Skip the images and print the listing exactly.

►

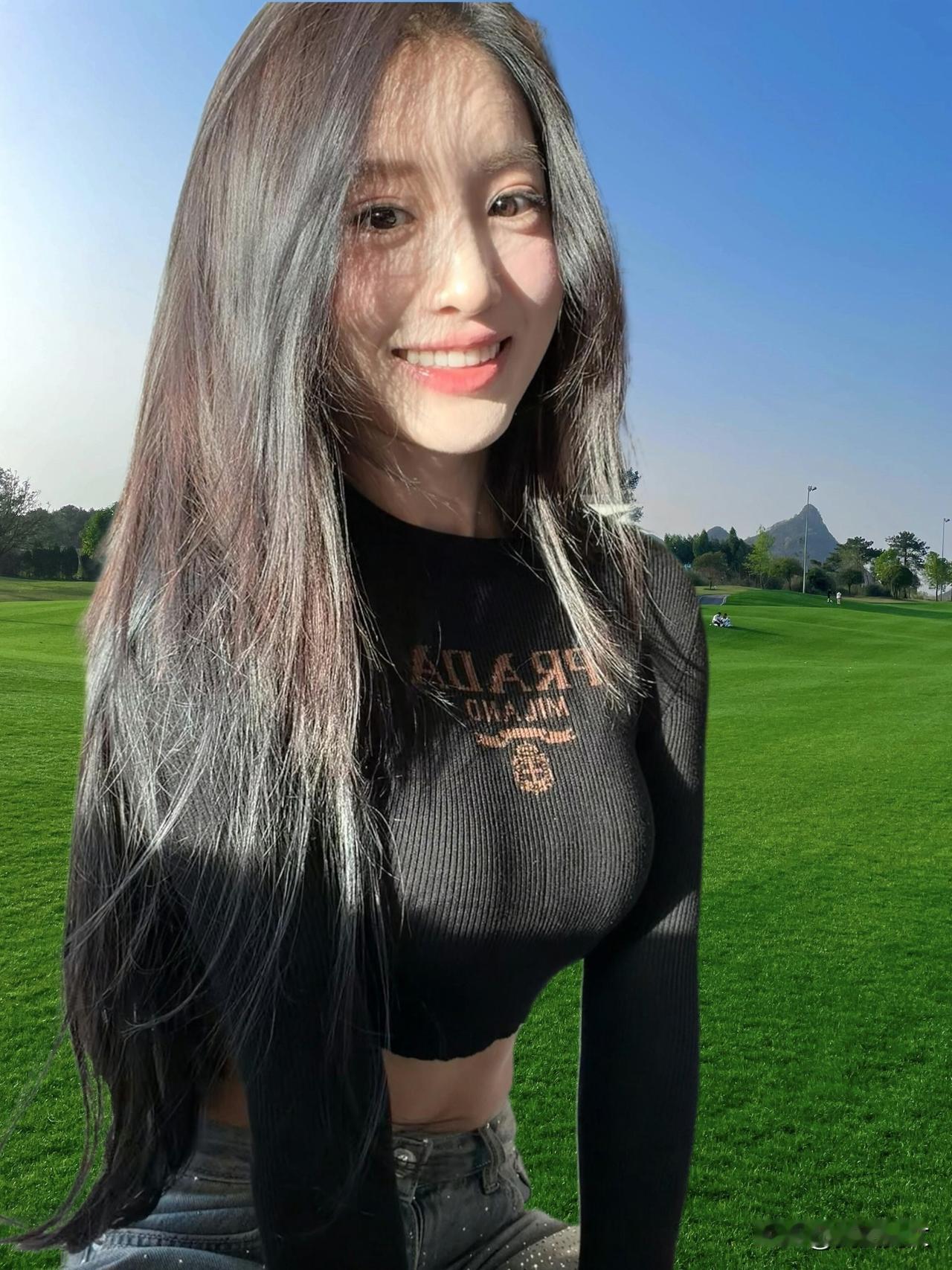 阳光明媚的公园里,微笑的少女与绿草相映成趣。
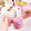 Lindo portalápices de escritorio con dibujos animados, decoración para escritorio de estudiante, caja de almacenamiento de papelería, cubo para bolígrafos, contenedor de almacenamiento de pinceles de maquillaje con forma de corazón para niña
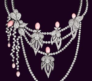 都比它第一眼看上去要復(fù)雜的多。正像要佩戴珠寶的女人一樣,只能在近距離欣賞的時候,才能充分品味珠寶背后的魅力所在。一眨眼的工夫,中央的裝飾圖案會變成一個胸針,吊墜變成耳環(huán),或一個復(fù)雜的項鏈扣變成一個發(fā)夾。每一款式都具有多種功能,將誘惑的藝術(shù)變成佩戴珠寶女人欲望所主宰的游戲。
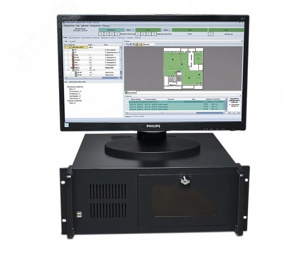 Центральный прибор индикации и управления для системы RS-485 или R3-Link. Состав: блок системный, монитор 21,5 дюйм, пульт индикации и управления, блок АВР. Ключ HASP Pro для ПО FireSecв комплекте.
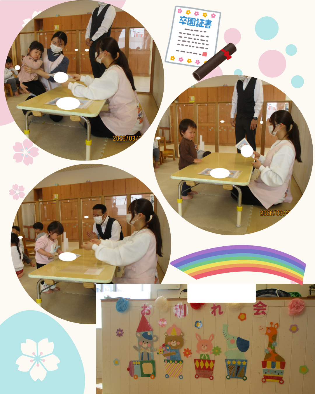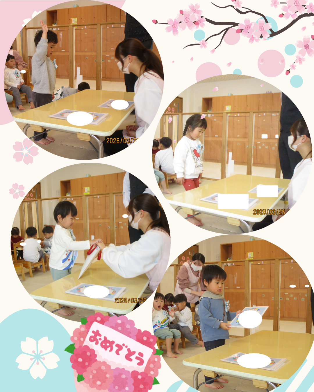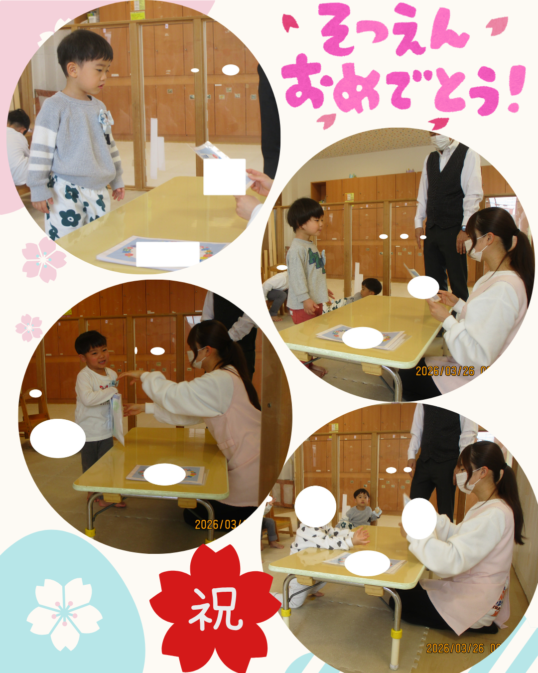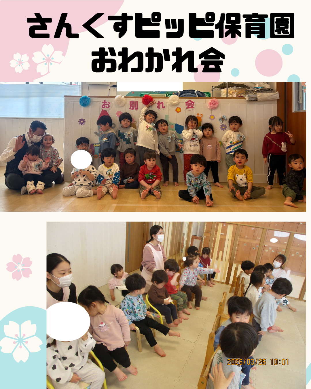 【さんくすピッピ保育園】 2026.04.02 その他 さんくすピッピ保育園です。 先日おわかれ会を行いました😊 すっかりお兄さんお姉さんになって職員一同嬉しく思います❤️ 1人ずつお名前を呼ばれると前に出て卒園証書を受け取りました✨ その後は園長先生のお話をきき、 歌をうたって踊って記念撮影して楽しい時間を過ごせました🌈 前の記事を見る 一覧へ戻る この記事をシェアする:
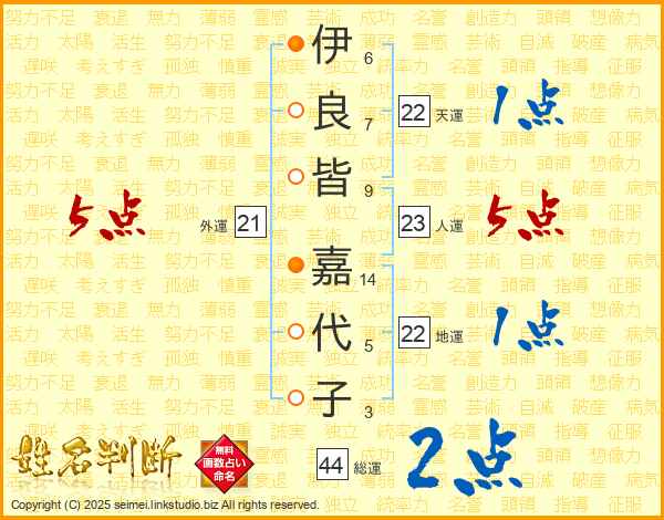伊(6画)良(7画)皆(9画) 嘉(14画)代(5画)子(3画)

◄

PROBLEM SOLUTION
 阳光明媚的公园里,微笑的少女与绿草相映成趣。
 Lindo portalápices de escritorio con dibujos animados, decoración para escritorio de estudiante, caja de almacenamiento de papelería, cubo para bolígrafos, contenedor de almacenamiento de pinceles de maquillaje con forma de corazón para niña
 都比它第一眼看上去要復(fù)雜的多。正像要佩戴珠寶的女人一樣,只能在近距離欣賞的時候,才能充分品味珠寶背后的魅力所在。一眨眼的工夫,中央的裝飾圖案會變成一個胸針,吊墜變成耳環(huán),或一個復(fù)雜的項鏈扣變成一個發(fā)夾。每一款式都具有多種功能,將誘惑的藝術(shù)變成佩戴珠寶女人欲望所主宰的游戲。
 Центральный прибор индикации и управления для системы RS-485 или R3-Link. Состав: блок системный, монитор 21,5 дюйм, пульт индикации и управления, блок АВР. Ключ HASP Pro для ПО FireSecв комплекте.
 【さんくすピッピ保育園】 2026.04.02 その他 さんくすピッピ保育園です。 先日おわかれ会を行いました😊 すっかりお兄さんお姉さんになって職員一同嬉しく思います❤️ 1人ずつお名前を呼ばれると前に出て卒園証書を受け取りました✨ その後は園長先生のお話をきき、 歌をうたって踊って記念撮影して楽しい時間を過ごせました🌈 前の記事を見る 一覧へ戻る この記事をシェアする:
伊(6画)良(7画)皆(9画) 嘉(14画)代(5画)子(3画)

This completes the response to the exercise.